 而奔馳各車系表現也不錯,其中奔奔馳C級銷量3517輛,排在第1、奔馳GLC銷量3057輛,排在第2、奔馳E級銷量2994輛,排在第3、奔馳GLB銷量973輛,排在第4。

* * *

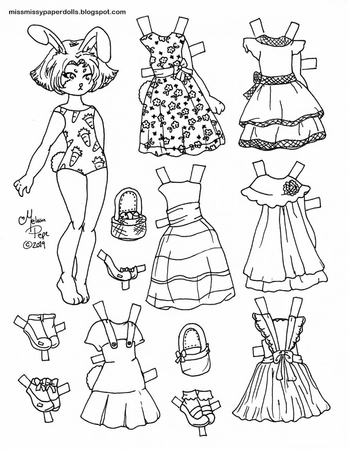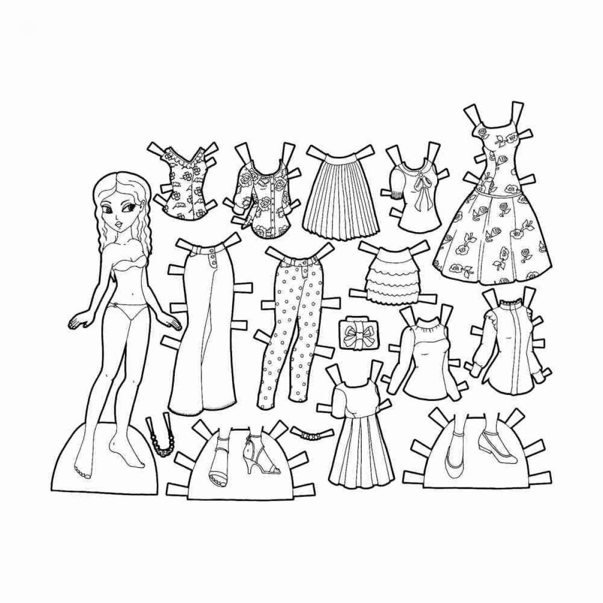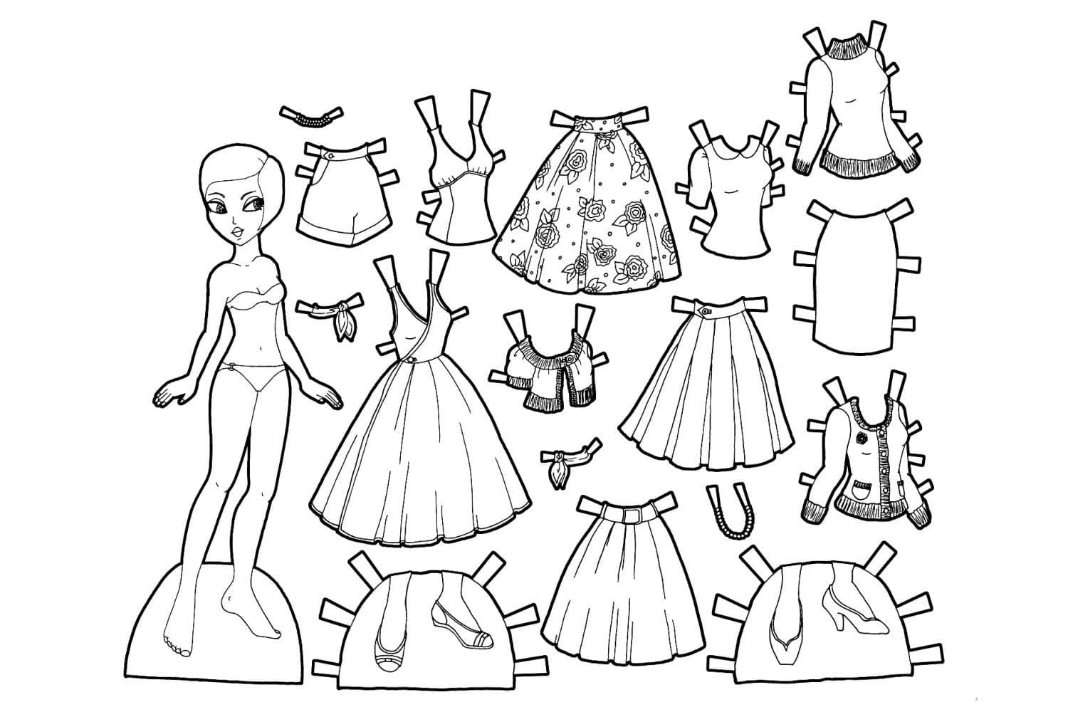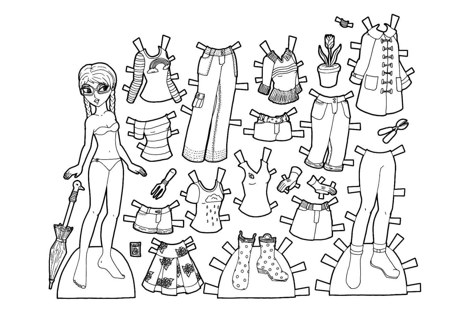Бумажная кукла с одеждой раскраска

* * *

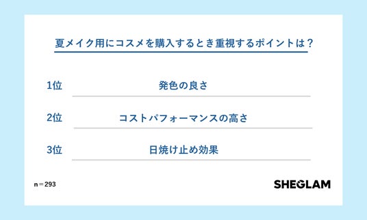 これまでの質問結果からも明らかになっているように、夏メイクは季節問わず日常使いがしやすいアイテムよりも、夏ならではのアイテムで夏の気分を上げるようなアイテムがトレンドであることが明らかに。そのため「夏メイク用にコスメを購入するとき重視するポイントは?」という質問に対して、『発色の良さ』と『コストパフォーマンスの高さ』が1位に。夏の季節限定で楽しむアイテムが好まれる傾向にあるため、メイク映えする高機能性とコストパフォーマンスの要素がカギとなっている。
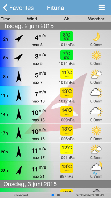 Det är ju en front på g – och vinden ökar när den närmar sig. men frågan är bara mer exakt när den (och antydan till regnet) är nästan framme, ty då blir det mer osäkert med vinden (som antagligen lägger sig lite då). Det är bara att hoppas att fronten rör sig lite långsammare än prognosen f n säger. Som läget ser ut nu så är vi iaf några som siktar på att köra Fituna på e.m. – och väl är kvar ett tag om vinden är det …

Problem » Each line above that falls between the line with "これまでの質問結果からも明ら" and the line with "Det är ju en" should be printed exactly, together with those two lines, but the pictures should not.

Task output »
 これまでの質問結果からも明らかになっているように、夏メイクは季節問わず日常使いがしやすいアイテムよりも、夏ならではのアイテムで夏の気分を上げるようなアイテムがトレンドであることが明らかに。そのため「夏メイク用にコスメを購入するとき重視するポイントは?」という質問に対して、『発色の良さ』と『コストパフォーマンスの高さ』が1位に。夏の季節限定で楽しむアイテムが好まれる傾向にあるため、メイク映えする高機能性とコストパフォーマンスの要素がカギとなっている。
 Det är ju en front på g – och vinden ökar när den närmar sig. men frågan är bara mer exakt när den (och antydan till regnet) är nästan framme, ty då blir det mer osäkert med vinden (som antagligen lägger sig lite då). Det är bara att hoppas att fronten rör sig lite långsammare än prognosen f n säger. Som läget ser ut nu så är vi iaf några som siktar på att köra Fituna på e.m. – och väl är kvar ett tag om vinden är det …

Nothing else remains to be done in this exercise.